Among these are the significance of identity spending in cybersecurity, the potential for expansion within the core Privileged Access Management (PAM) market, and opportunities arising from new product cross-sells in Endpoint Privilege Manager (EPM), Access, and Secrets Management.

The analysis by RBC Capital Markets suggests that CyberArk is well-positioned to maintain an organic growth rate of over 20% for several years, supported by an estimated total addressable market (TAM) of $60 billion.

RBC analysts also believe that CyberArk has the potential to consolidate various aspects of the identity market, particularly in the mid and large enterprise segments, through its persona-based selling model which includes workforce, IT, developers, and machine identities.

Furthermore, the firm highlighted the strategic acquisition of Venafi by CyberArk, which it believes could be “accretive to growth and profitability.”

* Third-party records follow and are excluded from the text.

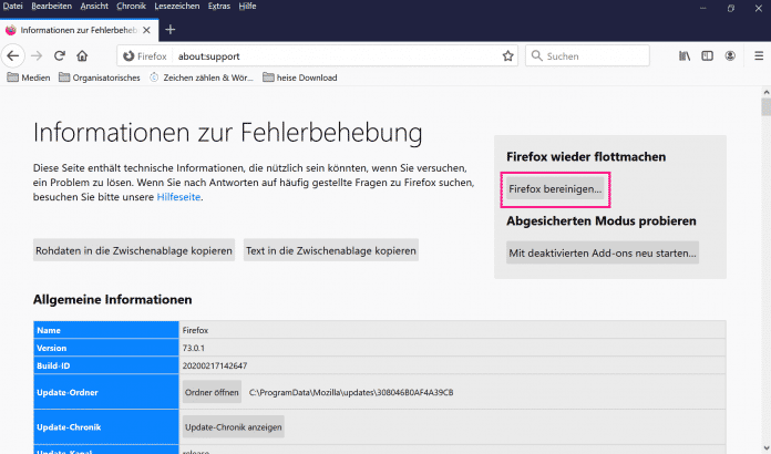Achtung: Beim Bereinigen werden alle Einstellungen, individuellen Anpassungen und Erweiterungen entfernt. Gespeicherte Lesezeichen und Passwörter werden allerdings nicht gelöscht. Wenn Sie nicht möchten, dass Ihre Einstellungen verloren gehen, können Sie diese in einem Backup sichern und anschließend wiederherstellen. Wir zeigen Ihnen hier, wie das funktioniert. Möglicherweise ist der Reinigungsprozess dann allerdings nicht so effektiv.
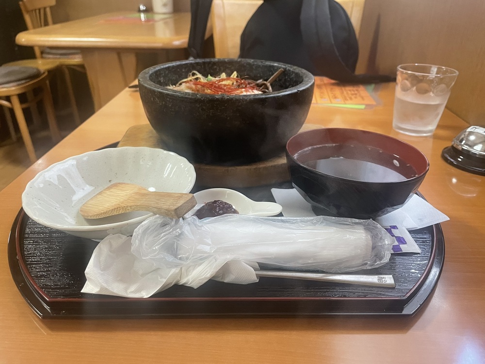 ビビンバは混ぜれば混ぜるほどおいしくなるといいますが、本当ですよね。さらに石焼なので食べすすめていくうちにおこげができて、それもまたおいしい。
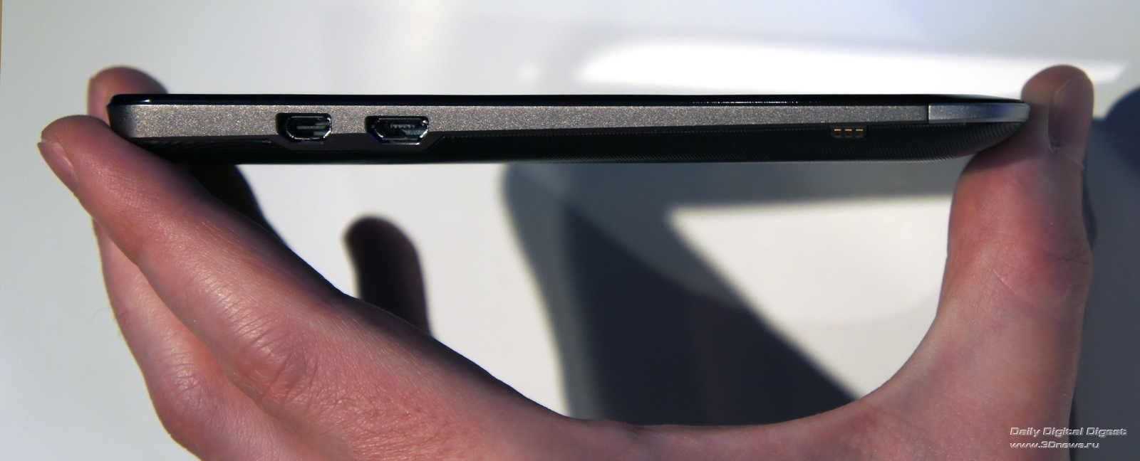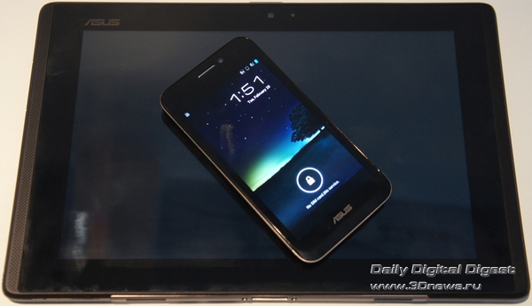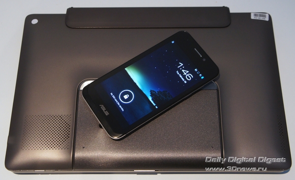 Под дисплеем – двухъядерный процессор Qualcomm S4 с частотой 1,5 ГГц. Скорее всего, тот самый MSM8960, который будет иногда попадаться во флагманском Transformer Infinity. Встроенной памяти от 16 до 64 Гбайт, имеется и слот для MicroSD. На задней стенке – 8-Мп камера, стандарт для современного смартфона на Android. Версия последнего, кстати, свеженькая – ICS. Что логично со всех сторон: с предыдущими версиями «зеленого робота» нормально совместить планшет и телефон в одной связке было бы проблематично.

Venafi had an annual recurring revenue (ARR) of approximately $150 million growing at a rate of over 20% pre-2023.

Despite a slowdown in growth in 2023 due to macroeconomic factors and a shift to SaaS, RBC anticipates that Venafi will return to over 20% growth as part of CyberArk, with significant cross-sell opportunities due to little customer overlap.

Lastly, analysts pointed to CyberArk's cash flow as an underappreciated asset. Before transitioning, CyberArk reported free cash flow (FCF) margins of 31% in the calendar year 2019.

“While it will be a few years before they return to 30% + FCF margins, we note 2024 guidance calls for 16% FCF margin, up from 7% in 2023, as we think this accelerates beyond 2025,” analysts said.